As shown in FIG. 1, a document (e-doc), which may have been selected e.g. by the user of a communication device comdev1, can be signed by the user (USER) of a communication device comdev2, by transmitting a signature (sigdoc) to a trust center (TC), the signature being an encrypted digest (docdig) of this document (e-doc). The digest has been sent to the communication device (comdev2) by the trust center (TC) after the resource locator (RL) of the document has been transferred from the storage device (stodev) to the trust center (TC). The resource locator may e.g. be a so called Uniform Resource Locator (URL) known in the internet (http), but may also be some other kind of unique identifier of the document. The document (e-doc) may be stored on a storage device (stodev), which can be part of the trust center (TC) or can also be a remote storage device, accessible through a (e.g. computer) network, e.g. like the internet.
According to one example embodiment of the present invention, an example embodiment of the invention may be implemented in a method for electronically signing electronic documents comprising the following steps:

A) a first communication device (comdev1) is used to
A1) select an existing document (e-doc) to be signed, the document being stored on a storage device (stodev) or to
A2) upload a document (e-doc) to be signed to a storage device (stodev) and to
A3) submit or cause the storage device or a processor unit associated with that storage device to submit a resource locator (RL) uniquely identifying this document (e-doc) to a trust center (TC), where the user (USER) of a second communication device (comdev2) is registered;
B) this second communication device (comdev2)—which may be identical to the first communication device (comdev1)—is then used to
B1) authenticate the user (USER) as authorized to electronically sign at least some electronic documents and to
B2) cause the trust center (TC) to sign the selected or uploaded document with the electronic signature of this user;
C) a signature (sigdoc) of this document (e-doc) is then created by the trust center (TC) by help of a key associated with this user;
D) by the trust center, the signature (sigdoc) is then associated with the document (e-doc) to be signed as the user's signature of this document.

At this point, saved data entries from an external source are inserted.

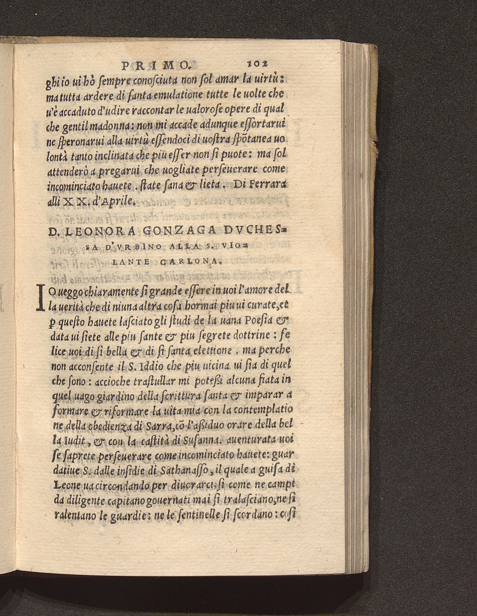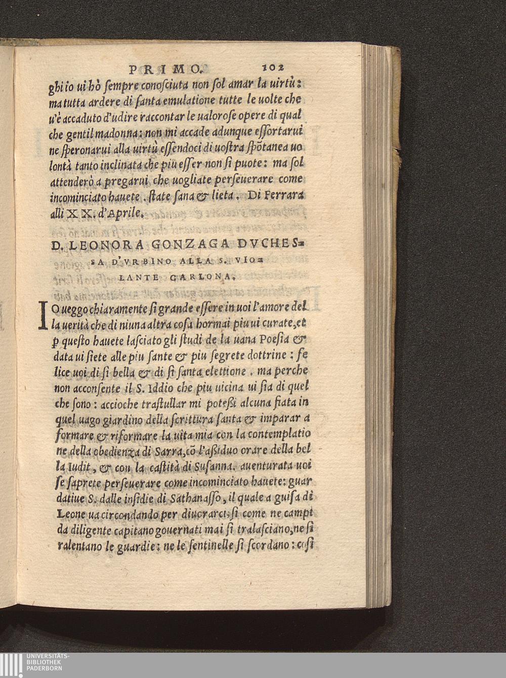 D. Leonora Gonzaga Dvchessa D'Vrbino Alla S. Violante Carlona.
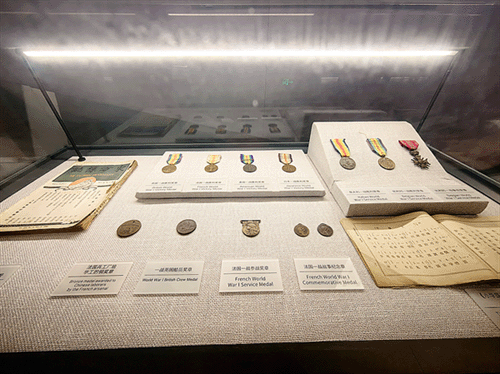 推开一战华工纪念馆的大门,迎面便是“船出威海”的历史照片。场馆中集中展示了一战时期十几万华工奔赴欧洲西线战场的历史。展览以“劳工神圣”为主题,分为“世纪大变局”“最佳招募地”“万里赴戎机”“遣留何处去”“大潮起东方”5个板块,展出了华工铜手镯、帽徽、证件、华工日记、纪念章等近200件文物,直观而生动地展现出当时华工的工作生活情况及这一群体对中国和世界的影响。
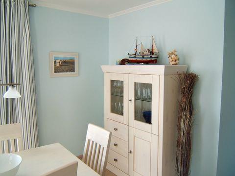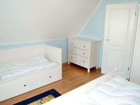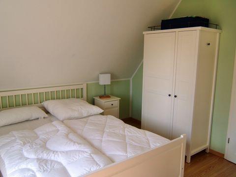 Zwei separate Schlafzimmer, jeweils mit einem Doppelbett und Stauraum für Ihre Garderobe, sorgen für entspannte Nächte. In einem Schlafzimmer steht ein zusätzliches Einzelbett zu Ihrer Verfügung. Eine weitere Person findet einen komfortablen Schlafplatz auf der Schlafcouch im Wohnzimmer.
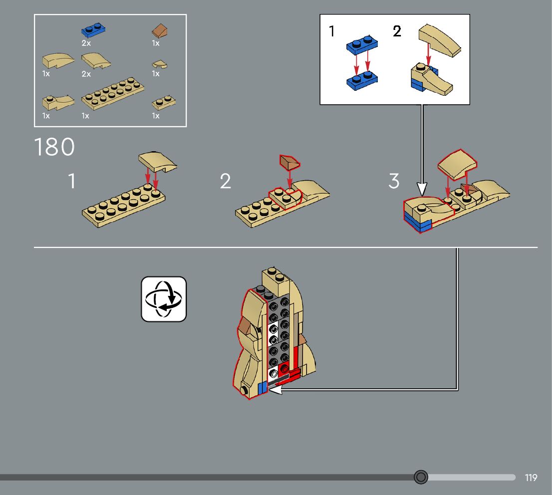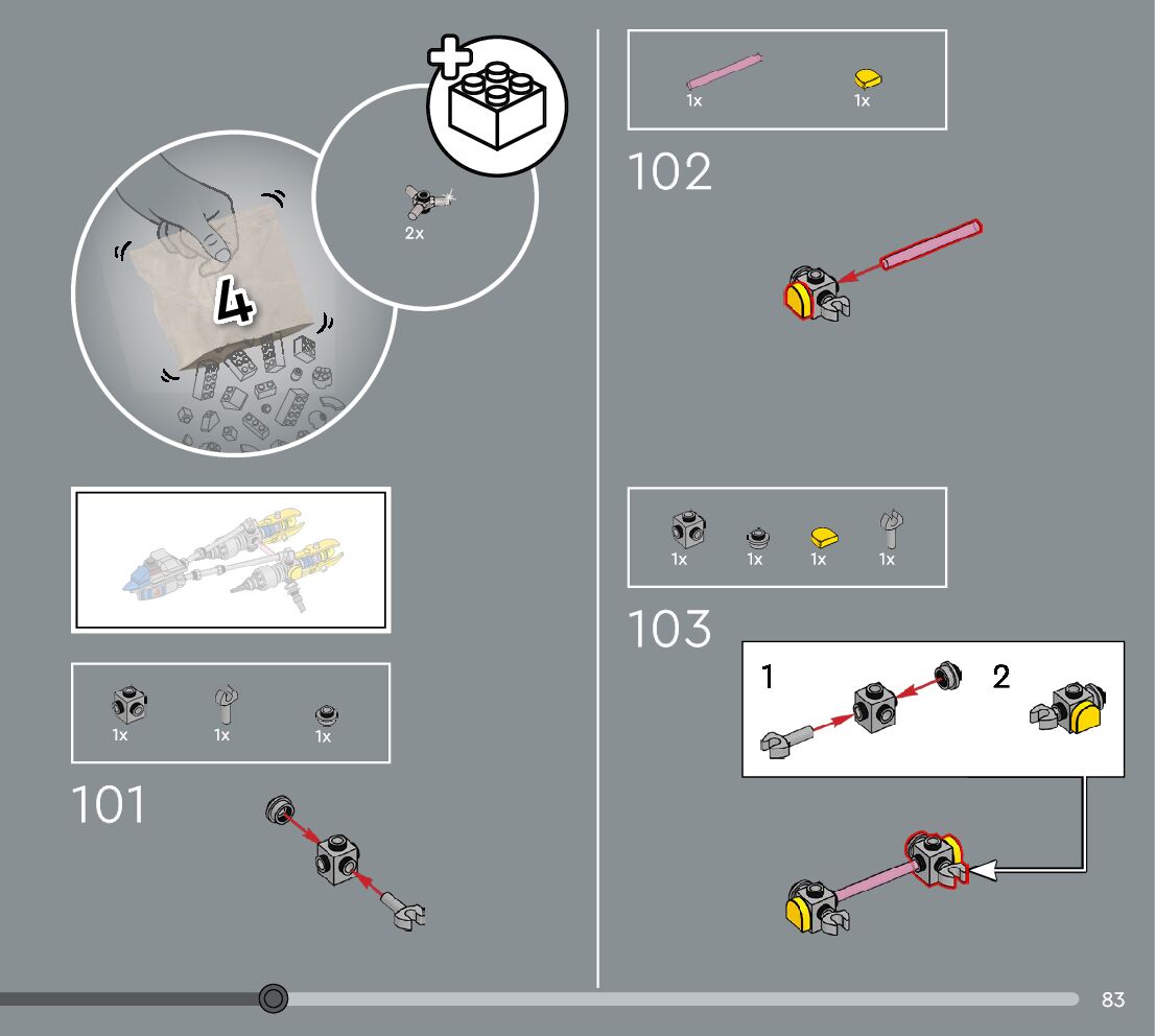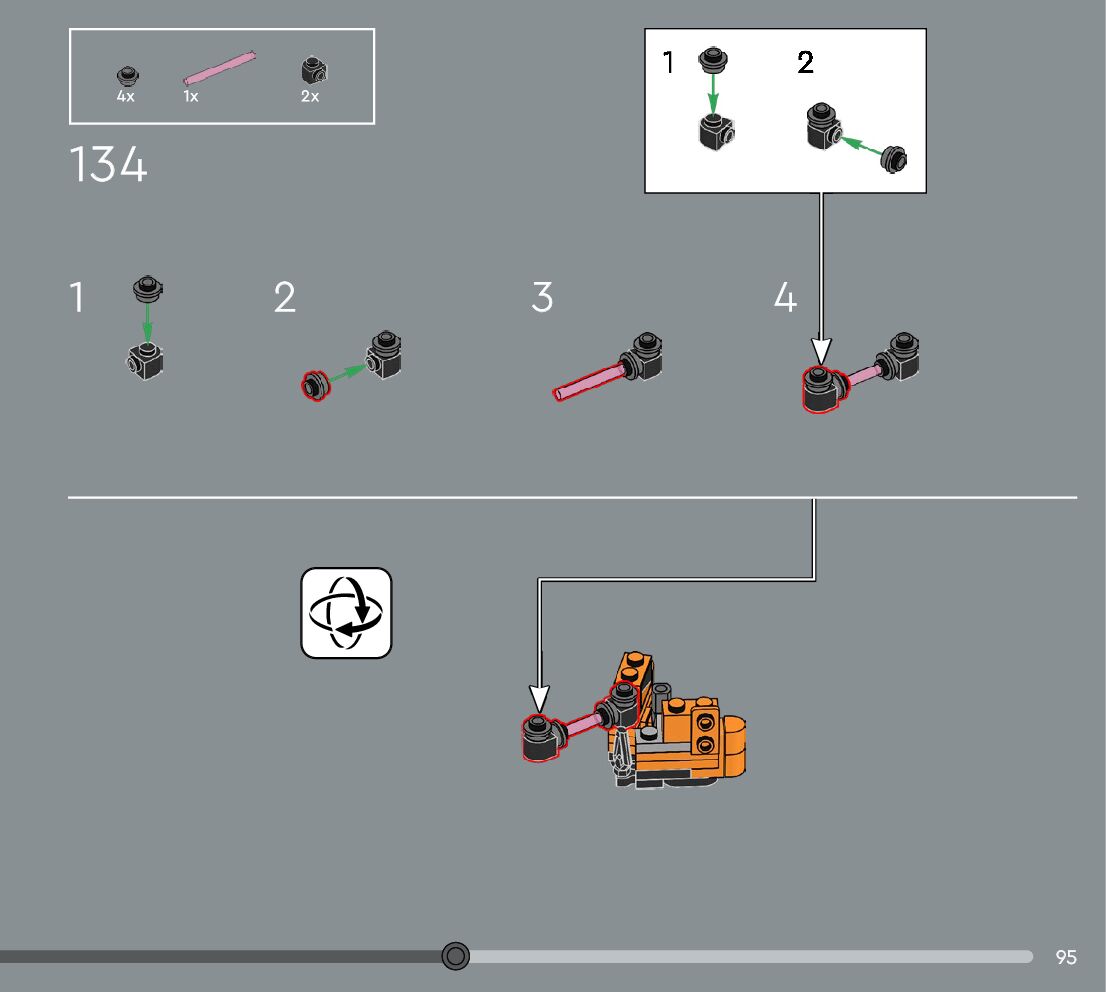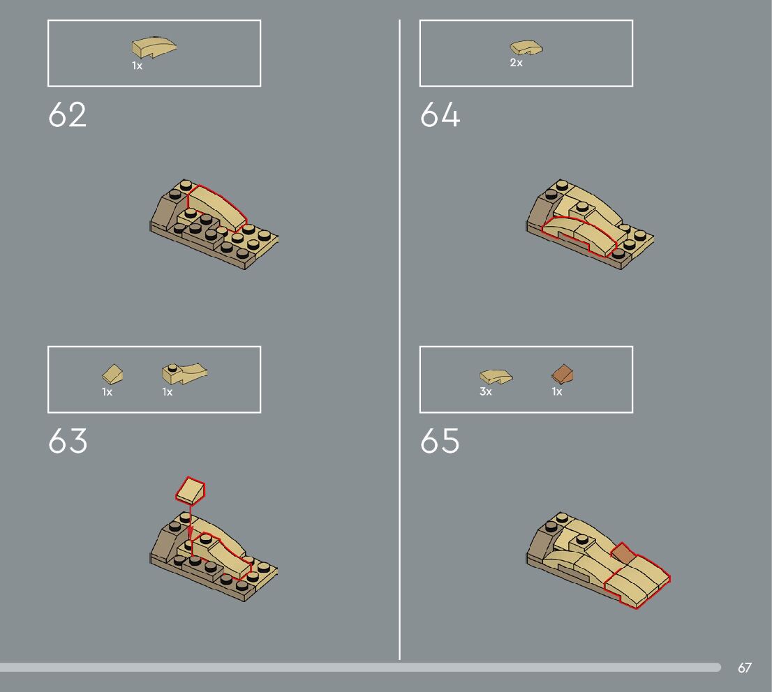 The assembly guide is prepared in a very understandable way for children and adult LEGO enthusiasts. A total of 136 picture galleries are shown, explaining the step-by-step construction stages for 1 different structures.
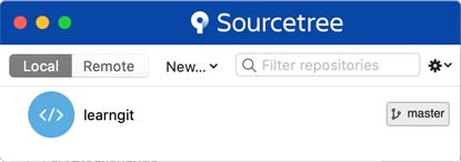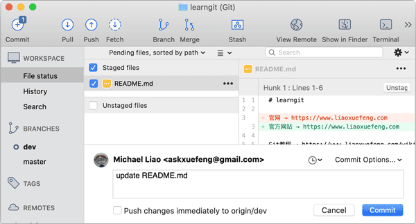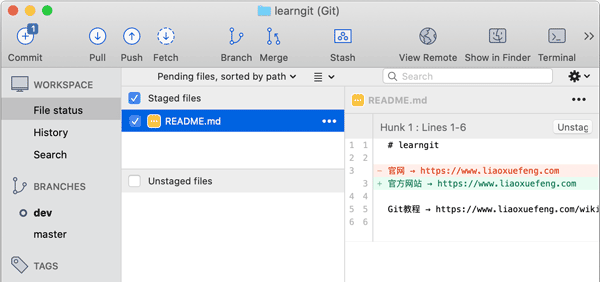 我們雙擊learngit這個(gè)本地庫(kù),SourceTree會(huì)打開另一個(gè)窗口,展示這個(gè)Git庫(kù)的當(dāng)前所有分支以及文件狀態(tài)。選擇左側(cè)面板的“WORKSPACE”-“File status”,右側(cè)會(huì)列出當(dāng)前已修改的文件(Unstaged files):
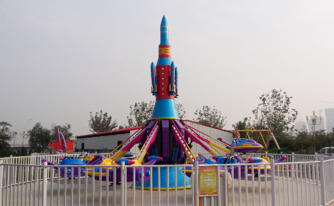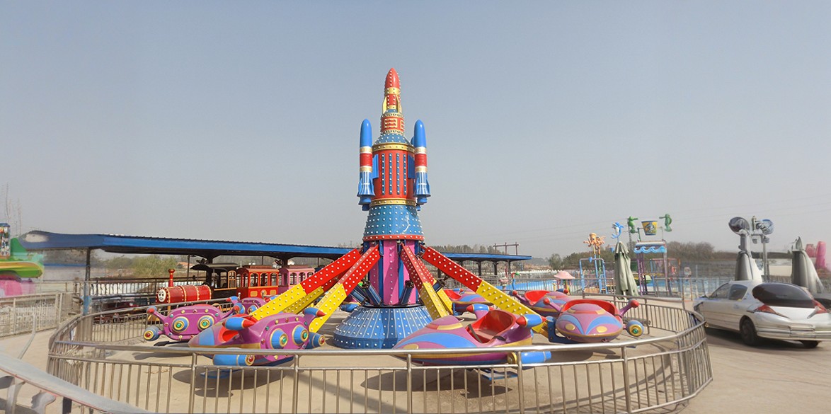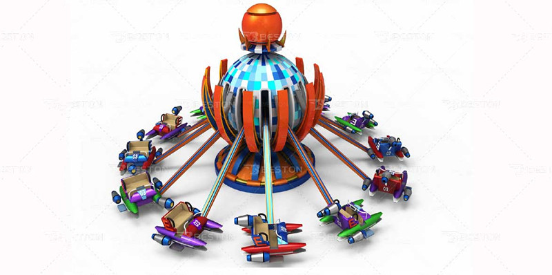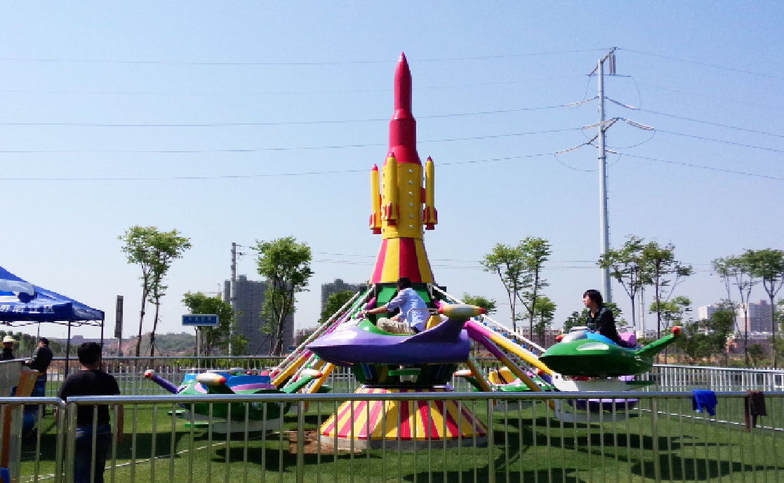 我們公司生產的自控飛機設備具有新穎的外觀、華麗迷人的彩燈裝飾,受到游客的歡迎。

According to another example embodiment of the present invention, an example embodiment of the invention may be implemented in a method for electronically signing electronic documents comprising the following steps:

A) a first communication device (comdev1) is used to

A1) select an existing document (e-doc) to be signed, the document being stored on a storage device (stodev) or to
A2) upload a document (e-doc) to be signed to a storage device (stodev) and to
A3) submit or cause the storage device or a processor unit associated with that storage device to submit a resource locator (RL) uniquely identifying this document (e-doc) to a trust center (TC), where the user (USER) of a second communication device (comdev2) is registered;

B) this second communication device (comdev2)—which may be identical to the first communication device (comdev1)—is then used to

B1) authenticate the user (USER) as authorized to electronically sign at least some electronic documents and to
B2) cause the trust center (TC) to create a digest (docdig) of the document (e-doc) to be signed and to
B3) send the generated digest to the second communication device (comdev2);

C) a signature (sigdoc) of this digest (docdig) is then created by the second communication device (comdev2) by help of a key associated with this user, stored locally on this second communication device (comdev2);
D) the signature (sigdoc) is then sent back to the trust center (TC) and there associated with the document (e-doc) to be signed as the user's signature of this document.

As shown in FIG. 2, verifying an electronic signature associated with a document (e-doc) stored on a storage device (stodev) may be done according to an embodiment of the present invention by a method comprising the following steps:

A) a third communication device (comdev3)—which may be identical to the first communication device (comdev1) and/or the second communication device (comdev2)—is used to

A1) select an existing document (e-doc), the signature of which is to be verified, and to
A2) submit a signature verification request command (svrc) to a trust center (TC) where the owner of the signature to be verified is registered;

B) the signature is then decrypted by the trust center and
C) information (verinf) is submitted to the originator (orig) of the request (svrc) allowing the originator to verify the signature.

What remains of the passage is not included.